Showing a subset is a subring?

Homework Statement

Let R be a ring and a a fixed element in R. Let Ia={x in R l ax=0}

Homework Equations

The Attempt at a Solution

I saw these conditions in my book, but I'm not sure are these conditions sufficient in showing Ia is a subring?

(1) 0 is in Ia:

Let 0 be in R, then
a(0)=0

(2) (a-b)is in Ia, for a, b in Ia:

I'm not sure how I should start this.

(3) Ia is closed under multipication.

 

[kru_]

For 2) Let m, n be any two elements from Ia. Can you show that m+n is still in Ia? What do m and n look like? What does their sum look like?

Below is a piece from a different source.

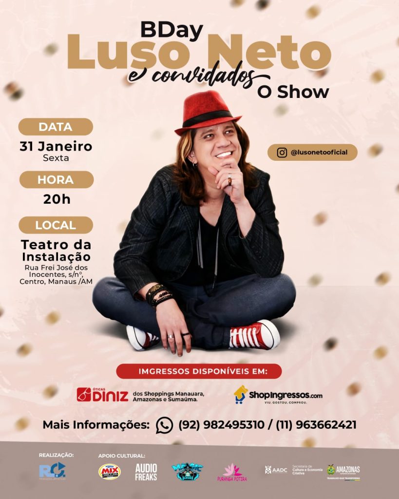 Ingressos: https://shopingressos.com.br/comprar/2434/bday-luso-e-convidados-o-show, nas Óticas Diniz dos Shoppings Amazonas, Manauara e Sumaúma e no dia do espetáculo, na portaria do Teatro.

It is similar for showing that m*n is in Ia, as well.

 

[SMA_01]

Okay, so for 2 this is what I got:
Let m,n be in Ia. Then this means that am=0 and an=0. So,
am=an
and am-an=0
so, a(m-n)=0 therefore (m-n) is in Ia. Is this correct?
Should I follow the same flow for 3?

Thanks

 

[kru_]

Looks good.

 

[kru_]

Note, you also need to show the distributive property of multiplication over addition holds, and associativity of multiplication and addition.

 

[SMA_01]

Thank you

 

[micromass]

Note, you also need to show the distributive property of multiplication over addition holds, and associativity of multiplication and addition.

No, you do not have to show those. Just showing the three conditions in the OP is good enough.

 

[kru_]

Haha. Not according to my old abstract professor! We know they are inherited by R, but failure to show is -2 points..

sigh..